Я исключительно зримо представил себе Пенни, старшую дочь Роя от первого брака; скажем прямо, если бы я обладал хоть малейшим даром рисовать, я смог бы в тот миг сделать легкий набросок внешнего очертания ее грудок, которые как-то раз безуспешно попытался потискать в такси в промежутке между концертом Роя и приемом в Хэмпстеде. Насчет Эшли дело обстояло совсем иначе; то было относительно недавнее произведение Роя и Китти, его я видел мельком всего однажды и успел совершенно позабыть, какой он из себя. Что и попытался скрыть.
– Ему, э-э-э, сейчас, должно быть, года четыре?
– На днях исполнилось шесть!
Взгляд, брошенный Китти на меня, отразил сложные чувства, и трудно было понять, относится она к своему единственному отпрыску со смесью гордости и рабской признательности или же с чувством вины и страха. Тут она не без энтузиазма предложила:
– Не хотите ли осмотреть дом?
– Может, после? – рискнул я с надеждой избежать этого испытания. – Хотя… гм, внешне он просто великолепен. Должно быть, недешево вести такое хозяйство?
– Мы управляемся. Знаете, Дуглас, Рой просто кошмарно много сейчас зарабатывает. Он поистине достиг вершин. Ну, разумеется, уже многие и многие годы он пользовался уважением в музыкальном мире, но сегодня сделался фигурой государственной важности, по высшему счету.
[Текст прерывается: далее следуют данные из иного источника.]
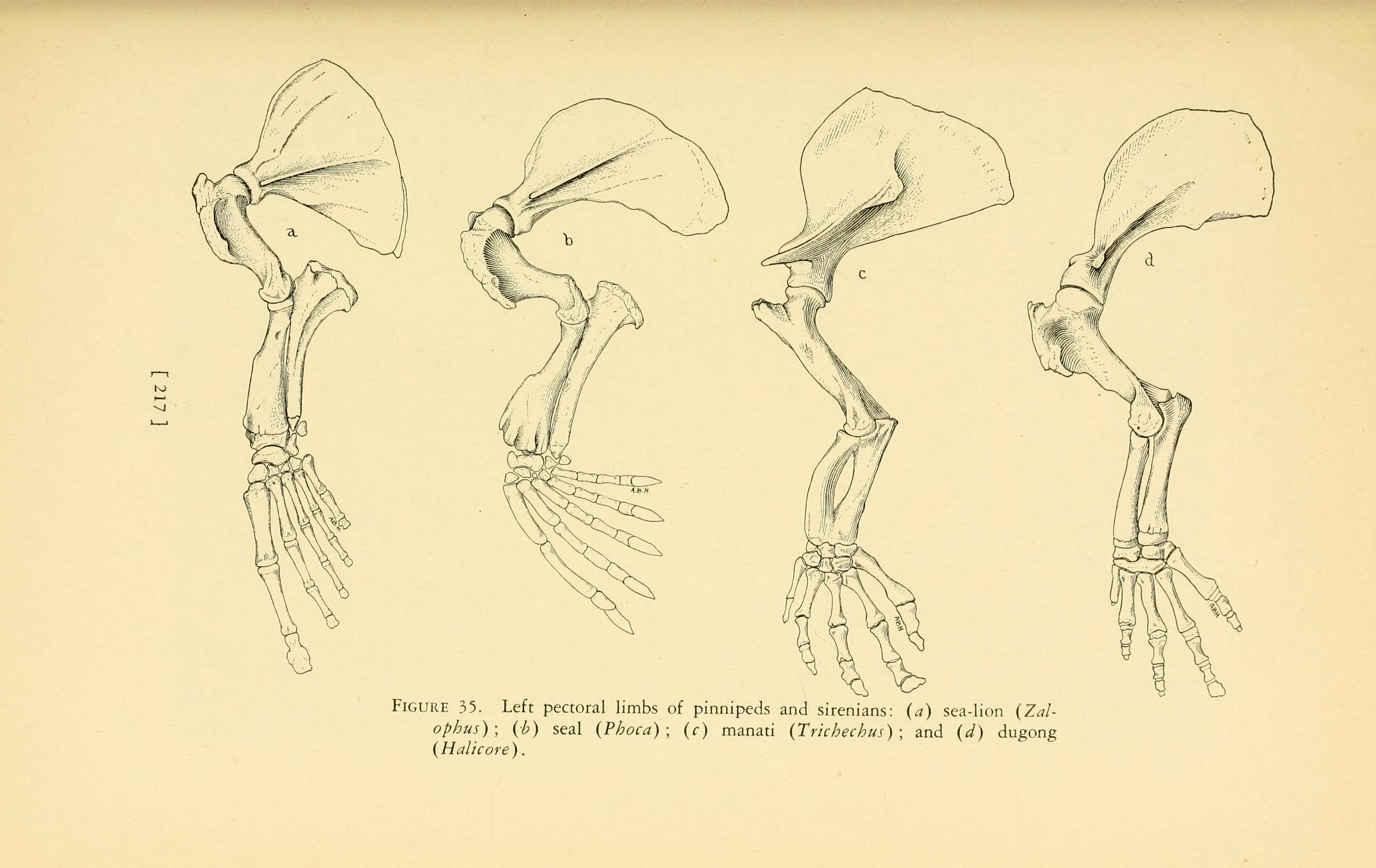 Title: Aquatic mammals; their adaptations to life in the water Year: 1930 (1930s) Authors: Howell, A. Brazier (Alfred Brazier), 1886- Subjects: Marine animals; Freshwater animals; Mammals; Vertebrates -- Anatomy; Adaptation (Biology); Adaptation, Biological; Mammals; Marine Biology; Vertebrates -- anatomy & histology Publisher: Springfield, Ill. , Baltimore, Md. , C. C. Thomas Text Appearing Before Image: ' Text Appearing After Image: [217]
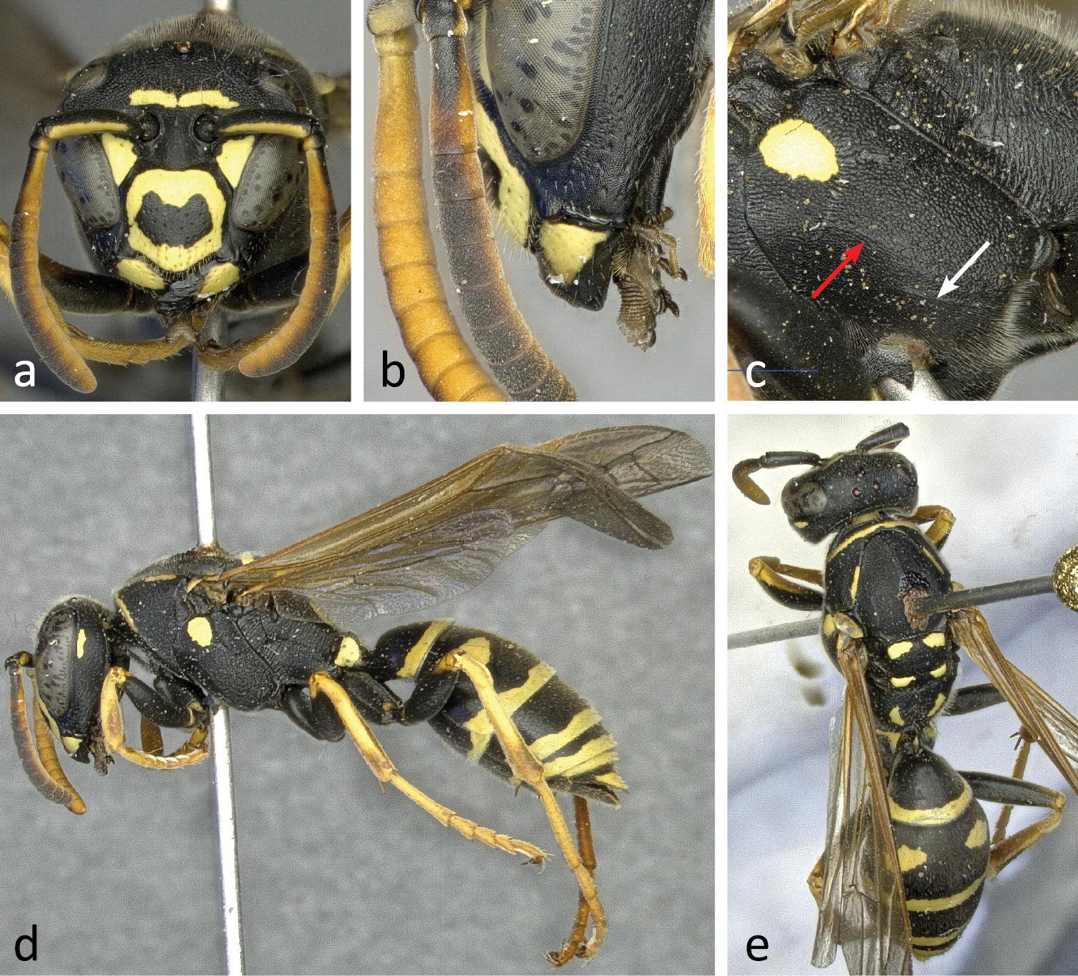 female Polistes helveticus a: frontal view of head b: lateral view of lower face c: mesopleiral region of mesosma d: lateral view of body e: dorsal view of body: red arrow: rather reduced epicnemial carina white arrow: quite distinct mesopleural signum

Причем не снизив своих художественных критериев.
Тут юная пара с дивана, видимо решив, что они выдержали достаточно времени, чтоб не показалось, будто ушли, едва их попросили, встала и удалилась. Китти немедленно метнула на меня пронзительно многозначительный взгляд, но, так же быстро погасив его, заметила, что неплохо бы выпить. Когда я запротестовал, умоляющим голосом заверила: чтобы выложить все, что накипело, ей просто необходимо чего-нибудь выпить, а пить одна она не может, или не должна, или не будет, или что-то в этом роде. Я заикнулся насчет пива, и Китти вышла.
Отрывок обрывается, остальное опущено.